I’m researching various backup software and I want to see how large can Restic scale in practice. I am looking at a 40-60TB project (total size, multiple clients, largest around 10-20TB) and want to figure out if people have prior experience regarding what kind of hardware will be necessary to handle such a load.
- How big is your original data set?
- How is the data churn (ie. how much data changes on every snapshot)?
- How big is the resulting Restic archive?
- How long does the backup take to complete?
- What is your prune schedule, and how long do those take?
- Did you ever try to restore? How long did that take? How long would a full restore take?
- What kind of hardware are you using, both client and server?
- What do you feel is the bottleneck (ram, cpu, network, …)?
I have heard of a 2PB dataset, for example, that is rotated every year (as opposed to prune, probably because of performance issues). How about your dataset? Anyone can confirm the 2PB figure or beat that? Sub-PB figures are also fine, of course.
Thanks in advance!
My largest data set is about 350GiB, it’s a backup of a server with several VMs. Roughly, between two and 10GiB change every day. The restic repo is about 600GiB in size.
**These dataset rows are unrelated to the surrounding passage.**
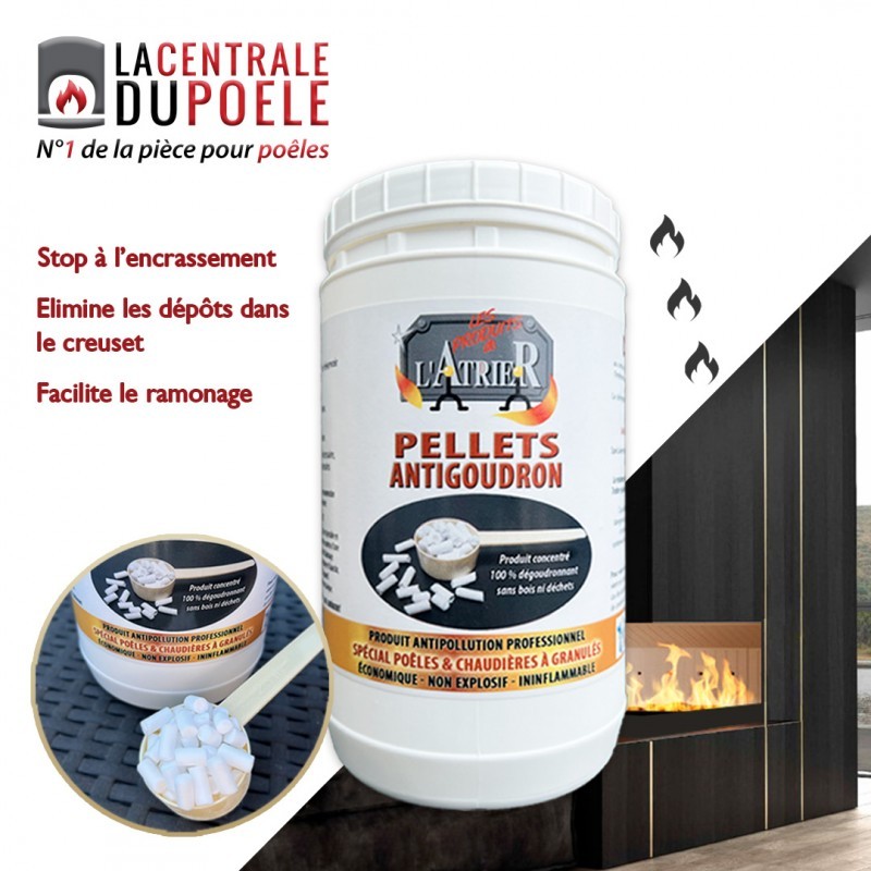 Mesurettes une fois par semaine pour Plusieurs semaines de traitement - nous vous conseillons 2 boites par saison de chauffe. Spécialement conçu pour l'entretien des poêles et chaudières à granulés, sans arrêt de chauffe. Au contact du feu, les pellets anti-goudron provoquent une réaction catalytique à l'intérieur du foyer et du conduit de fumée qui dessèche rapidement le goudron et la suie. La déshydratation fait décrocher les dépôts sans les brûler.
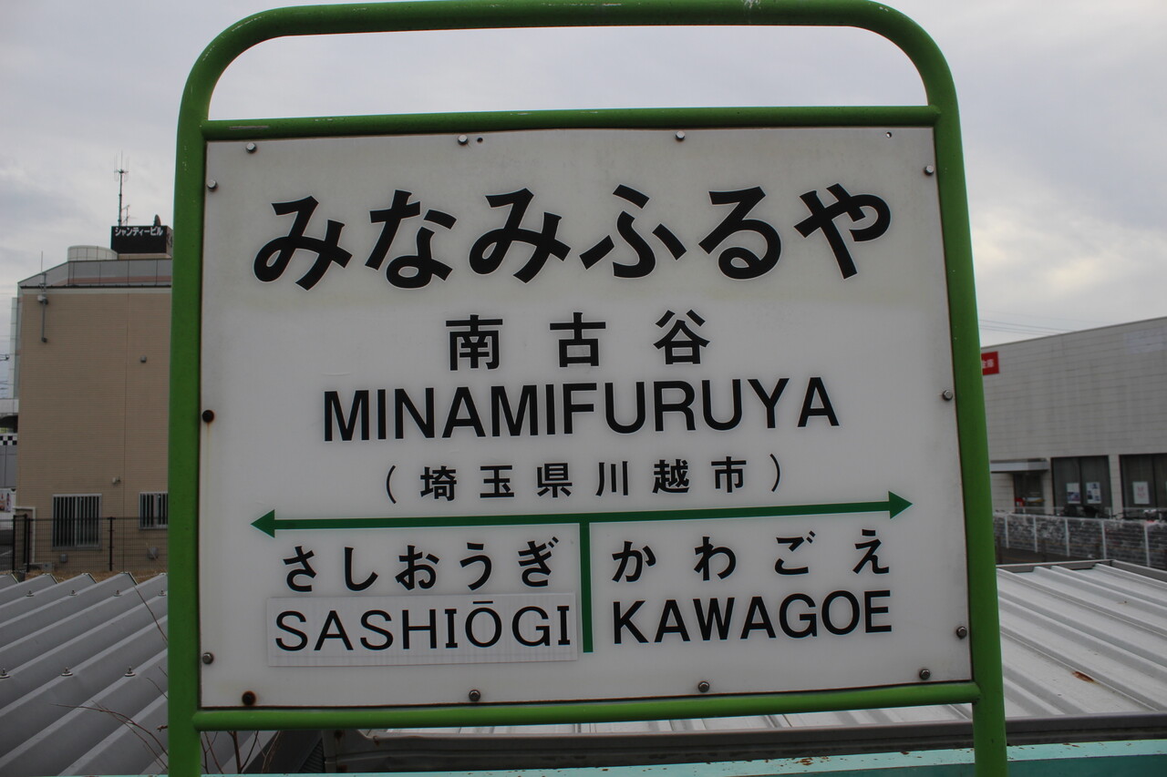 ホームの案内看板です。埼玉県川越市で見る相鉄線の文字にいまだに新鮮な違和感を覚える相鉄沿線民な筆者です。
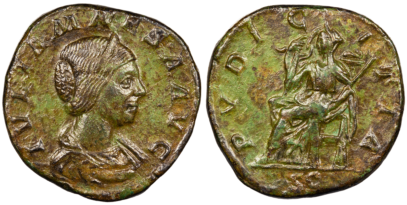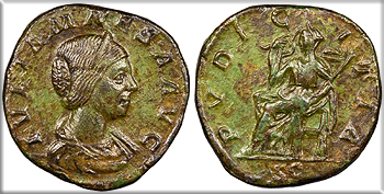 AE Sestertius 30mm. 22.70g. Rome Mint 218-220 A.D. Draped bust r., wearing stephane. IVLIA MAESA AVG Pudicitia seated l., raising hand to draw veil, holding sceptre; In ex.: SC PVDICITIA RIC IV 417 Near EF. Rare. Superb portrait. Mottled olive green patina. Fields smoothed. ex. CNR XLV.2 'Empress Collection,' with ticket. Reduced from: $1495
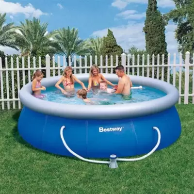 Uz Bestway Fast Set bazen prečnika 396cm, dubine 84cm, bićete spremni za uživanje za tili čas. Dolazi u paketu sa filter pumpom.
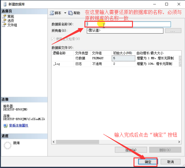 ②在新建数据库的弹窗中输入当前需要还原的数据库名称,注意:这里输入的数据库名称必须与导出的数据库名称一致
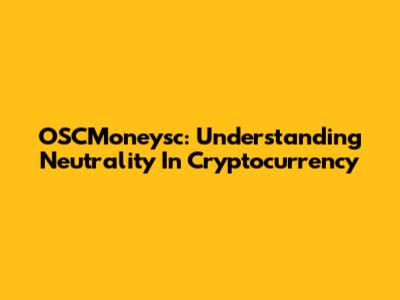 OSCMoneysc: Understanding Neutrality In Cryptocurrency
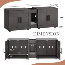 Cat Litter Box Enclosure 55.1″ Double Litter Box Furniture Large Cat Box Enclosure Kitty Litter Box

Since it’s a server with normal hard disks (no SSDs), backup takes about 30-60 Minutes (excluding LVM snapshots and fsck). Forget and prune are run manually, the settings are
--keep-daily 7 --keep-weekly 8 --keep-monthly 12, the last prune took a long time of ~22 hours for the sftp backend. I did not attempt a restore yet, just used the fuse mount a couple of times.
The hardware is an older Server machine with 2x3TB disks, 32GiB RAM. The storage server via sftp is a low-power Intel Microserver from 2012 or so.
At the moment the bottleneck for prune is the implementation, which is very conservative… that needs to be improved.
I remember that there was someone who wanted to backup their server farm with restic.
Can’t seem to find the post right now but I’ll keep looking maybe he has more info to share.
I run CourtListener.com where we have millions of PDFs amounting to several TBs of data. I’ve found a couple things in 0.8.3. (0.9.0 is supposed to be better, but I haven’t tested it yet.)
By far the slowest thing is iterating over the files. I think this is better in 0.9.0, but it was taking a very long time, around a day, just to do this.
Memory usage was a major problem. I caught Restic using dozens of GB of memory if I recall. That’s not normal for most backup software I’ve used.
Haven’t tried a restore or prune yet.
The fuse mount was unusably slow. Too bad — what a cool feature!
The backup endpoint I’m using is backblaze (because it’s cheap).
I need to do more research, but I’m kind of on the fence right now until I try 0.9.0. The memory usage and speed were real problems, but perhaps they are better in the latest version, and we’re upgrading our RAID array, which should help too.
Not sure how much this helps, but I think big picture Restic is a more complex system than something like rsnapshot. With that complexity comes features (yay!) and CPU/memory consumption (not yay!).
Indeed, from what I understand the archiver code was revamped in 0.9.0 which should improve backup times. But memory issues remain, as far as I know, the core issue, especially for prune.
Thanks for the data points and good luck!
Small update. We’re now using Restic 0.9.1 for our backups to backblaze, and we’re still having huge memory issues. Last night our backup failed due to using up all of our free memory (which was about 25GB). Seems like the issue for this is:
Do you have a lot of small files? (Just trying to understand the worst case scenario here)
One collection is 1.6TB with about 10M files and then we’ve probably got another couple million similar files in a separate collection. 10M doesn’t seem like a ton to me, but it sure doesn’t make restic happy.
I’m not entirely sure where the memory is used. I personally don’t have such a huge repository (and not the means to save it somewhere fast).
The new archiver code (which is used during backup by default since 0.9.0) does not use so much memory.
I have a hunch where it map happen: restic loads all index files into data structures in memory. At the moment, for each index file, a separate data structure is used (we need to change that). So the lookup if a specific blob is in the repo and where it is saved takes longer and I suspect it also uses much more memory. I’ll have a look at how to hold the data we need in a more efficient way, maybe even using a file on disc for seldomly used blobs.
processed 1547475 files, 8.319 TiB in 35:30
Daily backup on a QNAP TS-453A
This is kind of where my intuition went.
Do I understand your comment correctly to mean that as you have more snapshots, the amount of memory needed for a backup grows too? In that case, I guess part of my problem is that I disabled pruning due to its performance problems. If that’s right, would running just forget (without prune), help solve that issue?
Hm, I’m not sure that’s it. In general, the amount of memory seems to correlate to the number of index files, and therefore to the number of blobs in the repo. This can be caused by either a huge number of small files (=many small blobs) or just a huge amount of data (=many blobs).
As I said in the GitHub issue, I unfortunately don’t have a means to reproduce the memory issue locally, but I’m in the process of building a large repo here so that I can run some tests.
Gotcha. Thanks for looking into this. Let me know if I can help with providing millions of small files or something else like that.